The judgment noted, “On any fair reading of the contemporaneous documents, the claim for items as variations under the contract was unclear and tentative. That provides further support for the view that these were not, and were not seen at the time as being, legitimate claims for variations.

“The Board concludes that items were not variations to the Employer’s Requirements or the Works. On that basis, the Board would set aside the decision of the Court of Appeal and dismiss the claim in full.

“However, it is appropriate to go on to address two other elements of the Court of Appeal’s judgment, that is to say, their conclusions as to the procedural requirements of the contract, and as to fairness,” Sir Peter wrote, concluding that the Court of Appeal’s judgment on these two aspects of this case was also erroneous.

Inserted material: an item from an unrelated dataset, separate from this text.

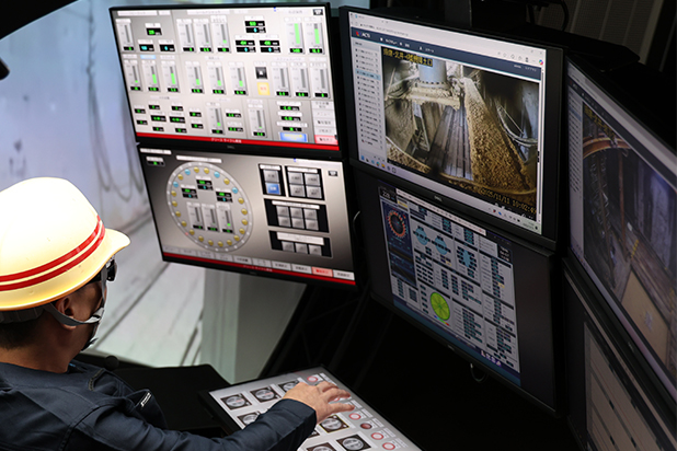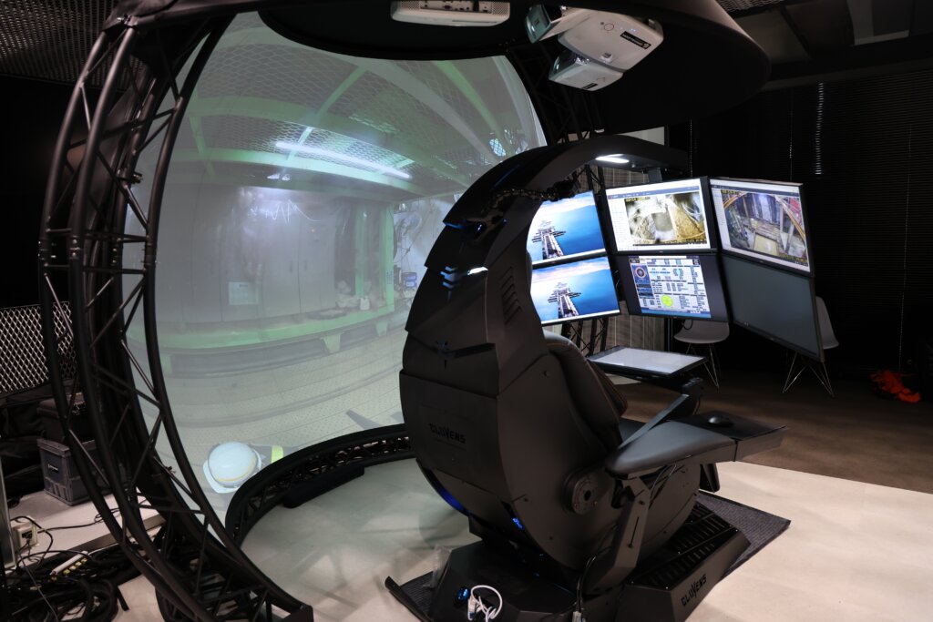 ドーム型モニターを設置し、現地の音声と映像をリアルタイムに再現することで、臨場感の高い操作環境を実現しています。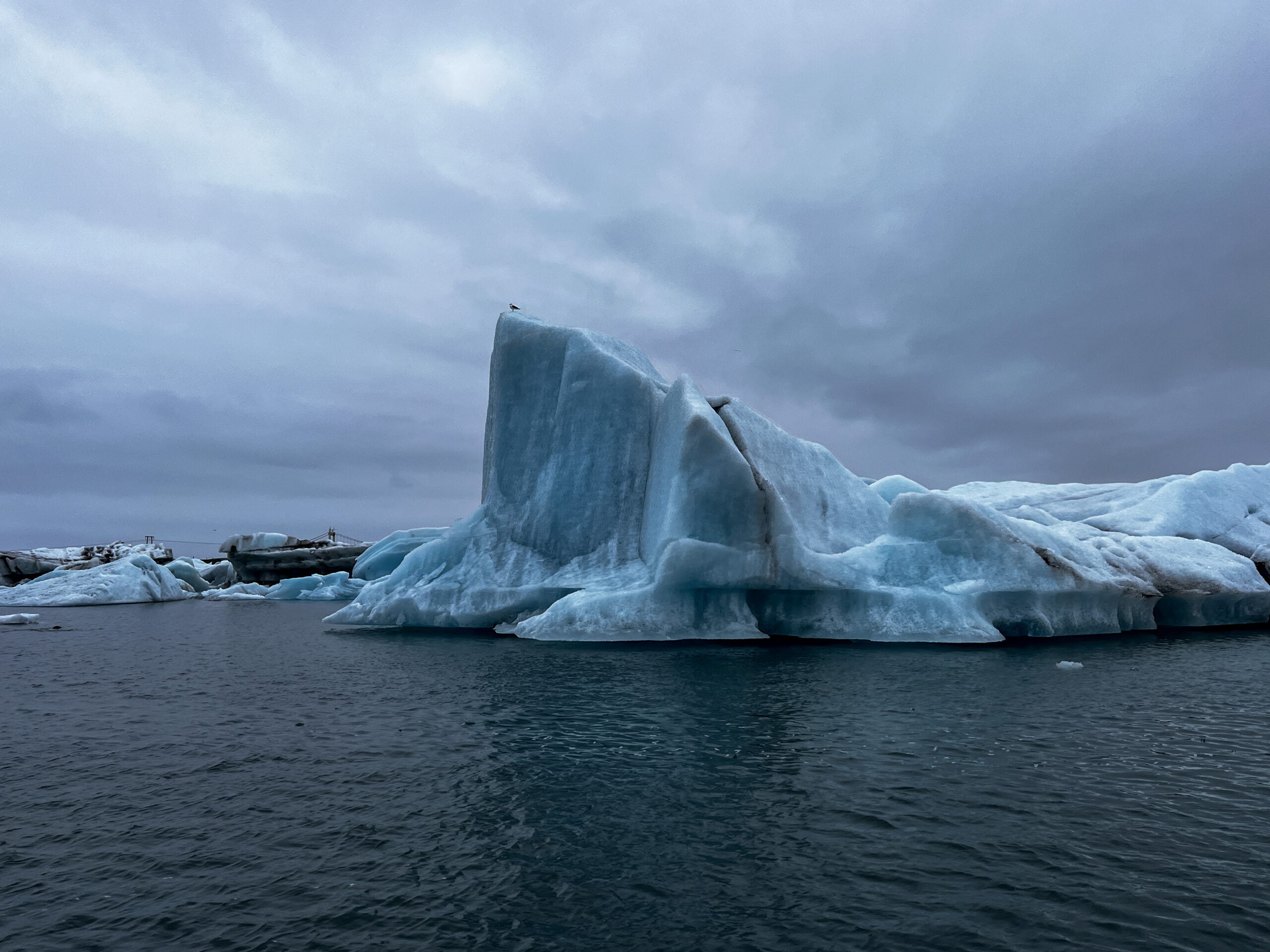 De omgeving is in ieder geval het perfecte plaatje voor een winterse filmset en er zijn dan ook meerdere beroemde films opgenomen zoals ‘Frozen’ bijvoorbeeld. Tussen de ijsschotsen zwemt af en toe vrolijk een zeehond voorbij en op de helft van de 1-urige boottocht maken we een korte stop zodat de lokale gids ons wat meer kan vertellen over de omgeving. Zo vertelde ze dat de megagletsjer waar de ijsschotsen vandaan komen in ongeveer 80 jaar compleet verdwenen zal zijn door de opwarming van de aarde. Dat zou bizar zijn want dit gaat om maar liefst 8100 vierkante kilometer, ongeveer anderhalf keer Noord-Brabant dus.

“In short, if UBC had wanted to make a claim for any of the disputed variations, and they could not make progress due to the engineer’s alleged failure to play his part in the variation process, it was up to them to make a claim…They failed to do so.

“The items were all known to UBC shortly after the works began and certainly by the end of 2007. On any view, therefore, the 28-day period in which to bring a claim had expired long before the termination of the contract in June 2009.

“Having failed comprehensively to comply with the condition precedent, UBC were therefore prevented by the terms of the contract from making any claim in respect of these variations and/or WASA were discharged from any liability to pay for them.”

The judgment also emphasised that termination operated prospectively rather than retrospectively.

“The Court of Appeal indicated that the way around this problem for UBC was that, because the contract was subsequently terminated, clause 20.1 did not apply. The terms of clause 20.1 cannot, however, be so circumvented for two reasons. First, it is well-established law that the contract terms govern the conduct of the parties up to termination, and that termination does not wipe out those rights and obligations already accrued.

“Upon termination, both parties are discharged from any further performance of the contract, and the party in breach may be liable to pay damages for future non-performance: But the consequence of termination having a forward-looking effect is that rights and obligations that have already been unconditionally acquired remain unaffected.

“Secondly, the Court of Appeal’s solution ignores the 28-day cut-off…That critical element of clause 20.1 was not referred to by the Court of Appeal. Neither is it referred to, let alone dealt with, in UBC’s written case.

“For the reasons previously given, the Board concludes that the time for making a claim under clause 20.1 had expired long before the termination of the contract. The eventual termination could not, in law, resurrect claims that had not been made in time and were therefore no longer open to UBC.

“The purpose of the contractual regime was to ensure certainty so that, if there were claims for additional monies (whether under clause 2.5 for the employer, or clause 20.1 for the contractor), they were clearly set out and promptly made.

“In relation to UBC’s claim for the four disputed items, neither of those things happened. That was UBC’s responsibility: in particular, they failed to comply with the condition precedent set out at clause 20.1.

“In those circumstances, UBC had no entitlement under the contract to be paid…Where a contractor fails to comply with the procedural requirements of a contract, it is not uncommon for them to argue that it would be unfair or inequitable for the employer to have the benefit of additional work without paying for them.

“Such an argument is usually based on principles of waiver and estoppel. It appears that this was one of the arguments deployed by UBC, which found favour with the Court of Appeal. In the Board’s view, these concepts had no application to the facts of the present case.”

Anand Ramlogan, SC, Kate Temple-Mabe and Ganesh Saroop represented WASA, while Irshaad Ali and Adam Razack represented UBC.